The races of the mid-20th century weren’t distinguished by safety in everything: from fragile cars suffering from constant breakdowns and design flaws, to the organization of races. In 1968, at the Hockenheimring, safety problems led to the death of one of the legendary racers: James Clark Jr. There is no single version about the causes of Jim Clark's death, since there are no thoroughly documented circumstances of his accident. 
Old Hockenheimring didn’t “shine” with safety even by the standards of the 70s: ditches on the edges of the track, the forest adjacent to the track. The history of the route played a role: built back in 1932, it partially used forest roads, which had its consequences.
Jim himself said: "From time to time I think about the danger. Especially when there are a lot of trees around. If you fly out, then most likely you will have to hit them hard." The words turned out to be prophetic.
On a wet track after the rain, his car lost control (versions from a burst tire to a rear suspension malfunction common at that time and problems with fuel supply), hit trees standing next to the track and fell apart into several parts. Jim was taken to the hospital, but nothing could be done.
His death had a significant impact on safety, pointing out the weaknesses of the organization: ditches and trees were removed, fences appeared on all tracks, gravel traps and departure zones significantly increasing safety, two chicanes were added at the Hockenheimring,
However, barriers didn’t become a panacea, and in the following years many riders were injured and died when they collided with fences that had many shortcomings in their designs. Just 2 years after Jim's accident, died from a poorly installed fence the only driver who received the title posthumously: Jochen Rindt.
In September 1970, Jochen crashed on the Monza. The official cause of the accident was called a breakdown of the axle shaft, but neither this breakdown nor the accident itself could lead to a tragedy. Fatal were the shortcomings of the safety system: the joint of the bump, into which the car flew, wasn’t sufficiently secured, and the car hit the rack, which caused the entire front part of the car to be destroyed. The last factor was the seat belts. Jochen, who had already been in an accident, was terrified of burning alive in the car, not having time to unfasten in time, so instead of the five-point belts that already existed at that time, he used outdated three-point belts that simply couldn’t provide a suitable fixation. The lack of restraining straps from below led to the fact that after the impact, Jochen's body moved lower in the seat, and the upper belt damaged his neck and throat in a way that he had no chance of surviving.
Jochen wasn’t the only victim of the shortcomings of the barriers and the low level of car safety, but his accident clearly showed that collisions, with due care, leading to bruises and minor injuries, can lead to death.
Most of all could tell about the terrified attitude to safety at the races Ronnie Peterson. The accident in which he got in Monza in 1978 had every chance of becoming an ordinary, if not for the absolute negligence on the part of the organizers of the race.
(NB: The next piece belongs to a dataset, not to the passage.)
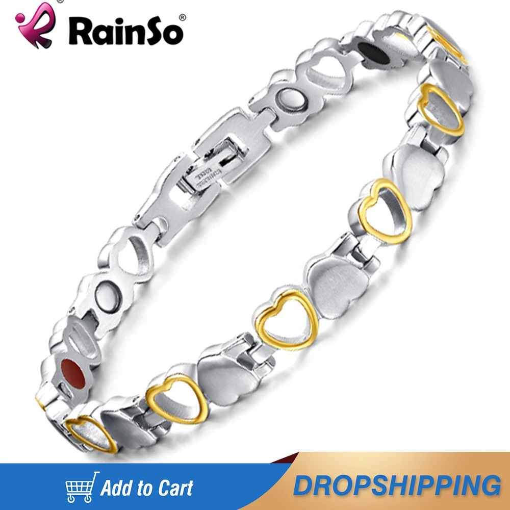 Rainso Мода здоровый энергетический Браслет сердцем дизайн Нержавеющая сталь здравоохранения магнитные золотой браслет ручной цепи для Для женщин

A retelling of the mistakes made this weekend can take several full pages, considering sequentially the entire chain of events that led to the tragedy.
In the accident in which Ronnie was injured, 10 cars collided simultaneously on a narrow section of the already extremely unsafe Monza: marshals didn’t wear fireproof uniforms, signal flags weren’t used, departure zones weren’t equipped, the track itself wasn’t modified in accordance with safety regulations. The fuel spilled over the track instantly burst into flames, engulfing the broken cars, the flames couldn’t be quickly brought down, and the racers, fearing the consequences of the fire, pulled Ronnie out themselves.
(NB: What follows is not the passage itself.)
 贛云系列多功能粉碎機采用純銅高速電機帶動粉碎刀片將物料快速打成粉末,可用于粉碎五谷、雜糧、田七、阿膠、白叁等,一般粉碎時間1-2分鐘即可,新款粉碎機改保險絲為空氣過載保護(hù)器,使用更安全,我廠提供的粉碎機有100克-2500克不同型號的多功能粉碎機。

Ronnie wasn’t the only one who was injured in the accident, moreover, Ronnie received only fractures of both legs, while several other riders received serious head injuries due to blows from the tires that flew off the cars, which greatly influenced further events. Ronnie's assistance began to be provided only 15 minutes after he was removed from the car, the medical staff of the track walked to the scene of the accident on foot, making their way through the crowd and the police, who didn’t let them through for a long time, and Ronnie was initially carried on a stretcher to the medical center of the track, and only then taken to the hospital. The cause of death was an embolism – particles of tissues and bones got into the circulatory system and clogged the vessels in the lungs and heart.
Racing accidents are inevitable, especially on dangerous tracks, the reaction is important, and in Ronnie's case there was no justification for such negligence on the part of all those responsible. With the proper level of safety, such injuries would never have become fatal, which was confirmed a few years later when another rider received similar injuries.
The consequences of Ronnie's accident for the overall safety level were very significant, and these changes saved the lives of more than one rider. Safety standards were raised at the Monza, firefighters were taught to extinguish cars in 30-40 seconds on all tracks so that racers didn’t have to be pulled out of the fire, and medical care was transferred from the receiving tracks to the F1 Teams Association, which increased the level of medical care organization and ensured equal safety for pilots on all tracks.
Probably the most famous victim of Formula 1 accidents was Ayrton Senna, who crashed on the "black weekend" of Formula 1 – at the 1994 Imola.
After the 94th Imola, the tragedy of which was largely determined by the insufficient level of passive safety, the FIA gathered a group of experts who engaged in a scientific assessment of the situation and made a number of proposals to improve the safety of racing. Crash tests have been tightened, and speeds have been reduced. The standards according to which the helmets of racers are made have been revised, the fencing of the tracks has been improved, the approach to the construction of race tracks and to the development of chassis has been changed.
In addition, Ayrton's death served as a catalyst for the adoption of special rules outside of motorsport. Euro NCAP was formed - the European committee for conducting independent crash tests of cars with an assessment of active and passive safety, which has the support of seven governments in the EU, as well as automotive and consumer organizations in all EU countries.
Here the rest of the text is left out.